◆ **AIM OF THE EXERCISE**: In the records below, find the line with "(((very longest hair))),black" and the line with "Figure 2. 不同 HAdV 型别感染致死人数分布情况"; return exactly those lines and every line between them.

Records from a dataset
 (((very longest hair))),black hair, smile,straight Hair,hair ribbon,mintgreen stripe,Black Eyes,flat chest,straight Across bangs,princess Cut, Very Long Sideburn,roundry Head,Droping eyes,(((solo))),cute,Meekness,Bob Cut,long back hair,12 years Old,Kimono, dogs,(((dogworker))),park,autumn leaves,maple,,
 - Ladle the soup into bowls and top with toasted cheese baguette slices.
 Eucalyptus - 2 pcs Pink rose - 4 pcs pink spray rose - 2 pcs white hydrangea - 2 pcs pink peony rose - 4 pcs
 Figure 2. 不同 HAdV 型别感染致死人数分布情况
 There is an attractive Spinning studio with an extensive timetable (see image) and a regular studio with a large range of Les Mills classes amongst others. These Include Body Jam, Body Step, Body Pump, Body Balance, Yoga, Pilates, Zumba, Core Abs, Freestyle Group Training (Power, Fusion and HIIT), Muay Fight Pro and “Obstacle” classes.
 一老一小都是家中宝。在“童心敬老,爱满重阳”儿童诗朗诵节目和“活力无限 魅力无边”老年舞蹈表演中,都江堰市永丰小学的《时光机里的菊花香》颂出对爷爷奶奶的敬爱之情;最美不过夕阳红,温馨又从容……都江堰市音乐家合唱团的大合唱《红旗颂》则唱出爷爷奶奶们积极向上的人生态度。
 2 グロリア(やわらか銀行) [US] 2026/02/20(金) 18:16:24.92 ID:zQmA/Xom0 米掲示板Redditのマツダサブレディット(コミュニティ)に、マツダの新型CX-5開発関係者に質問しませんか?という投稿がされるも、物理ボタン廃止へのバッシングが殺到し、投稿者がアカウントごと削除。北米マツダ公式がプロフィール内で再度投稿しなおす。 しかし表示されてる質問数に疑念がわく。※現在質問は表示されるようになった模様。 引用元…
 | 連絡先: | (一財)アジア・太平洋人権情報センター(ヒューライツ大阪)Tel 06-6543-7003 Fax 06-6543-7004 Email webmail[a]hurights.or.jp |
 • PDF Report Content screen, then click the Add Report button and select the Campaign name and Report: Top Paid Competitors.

--

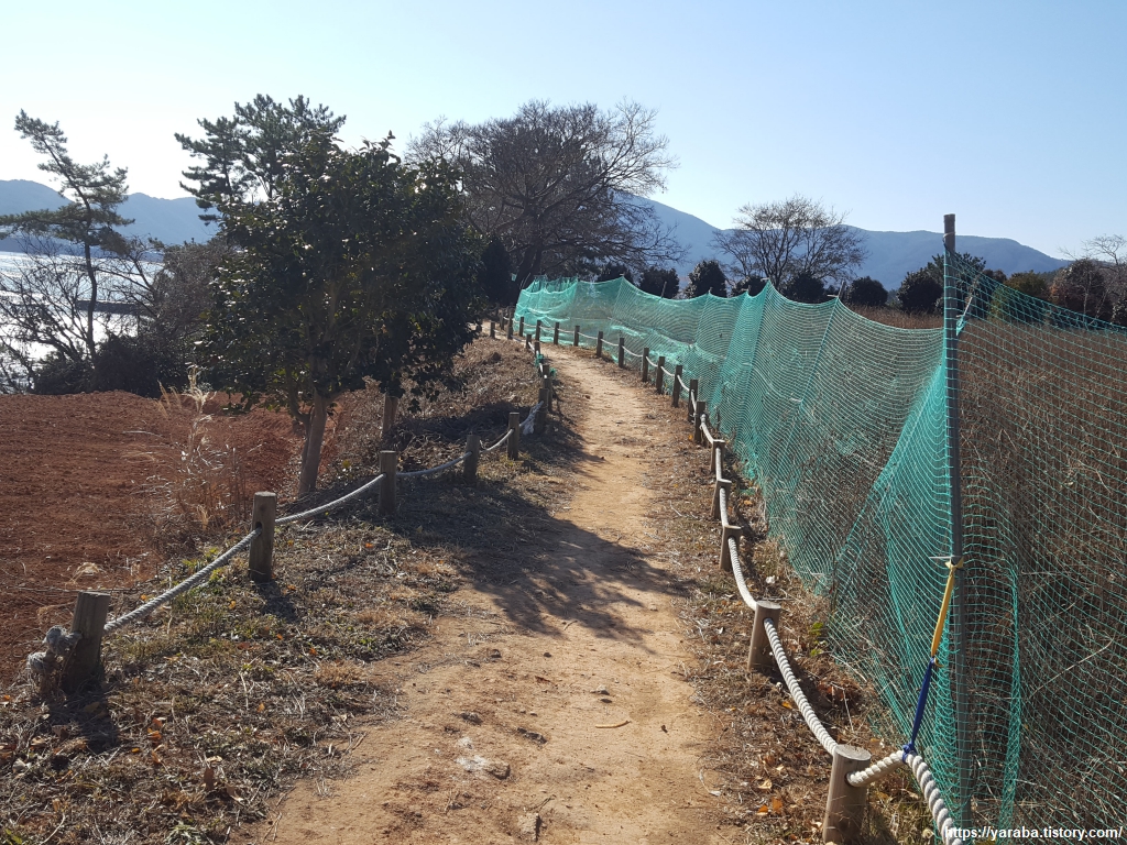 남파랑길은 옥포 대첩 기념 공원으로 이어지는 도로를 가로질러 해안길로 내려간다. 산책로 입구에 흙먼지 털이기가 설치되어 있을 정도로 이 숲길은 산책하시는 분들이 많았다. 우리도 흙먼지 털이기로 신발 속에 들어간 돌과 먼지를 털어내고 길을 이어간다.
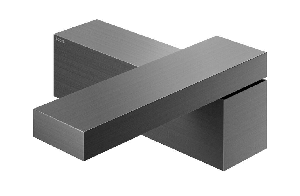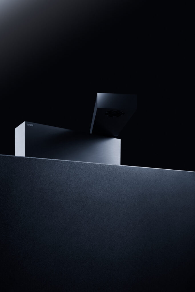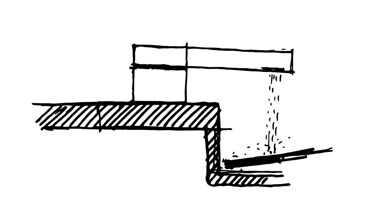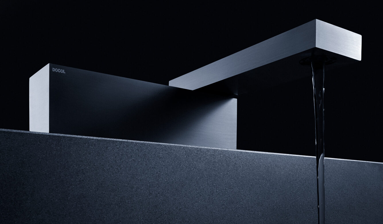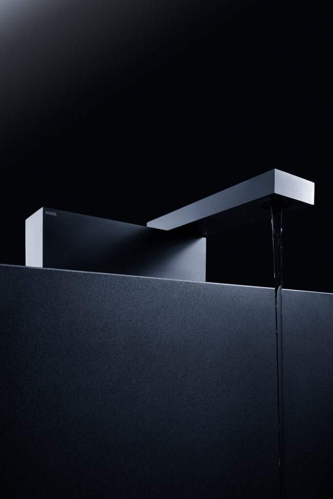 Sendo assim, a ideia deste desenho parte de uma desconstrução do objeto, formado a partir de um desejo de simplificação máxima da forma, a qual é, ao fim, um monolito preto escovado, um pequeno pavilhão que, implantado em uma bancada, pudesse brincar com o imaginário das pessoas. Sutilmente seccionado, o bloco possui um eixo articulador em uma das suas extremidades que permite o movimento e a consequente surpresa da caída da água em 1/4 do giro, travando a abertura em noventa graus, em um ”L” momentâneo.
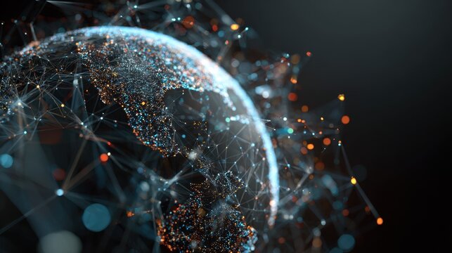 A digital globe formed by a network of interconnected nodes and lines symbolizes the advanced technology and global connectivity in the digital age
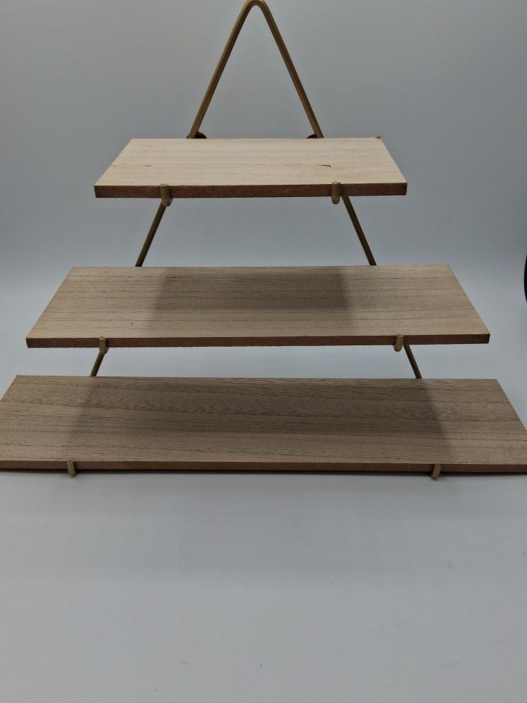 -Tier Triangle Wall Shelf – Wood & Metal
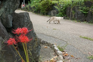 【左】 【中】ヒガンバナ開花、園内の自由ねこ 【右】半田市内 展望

◆ **WRITTEN RESPONSE**:
 (((very longest hair))),black hair, smile,straight Hair,hair ribbon,mintgreen stripe,Black Eyes,flat chest,straight Across bangs,princess Cut, Very Long Sideburn,roundry Head,Droping eyes,(((solo))),cute,Meekness,Bob Cut,long back hair,12 years Old,Kimono, dogs,(((dogworker))),park,autumn leaves,maple,,
 - Ladle the soup into bowls and top with toasted cheese baguette slices.
 Eucalyptus - 2 pcs Pink rose - 4 pcs pink spray rose - 2 pcs white hydrangea - 2 pcs pink peony rose - 4 pcs
 Figure 2. 不同 HAdV 型别感染致死人数分布情况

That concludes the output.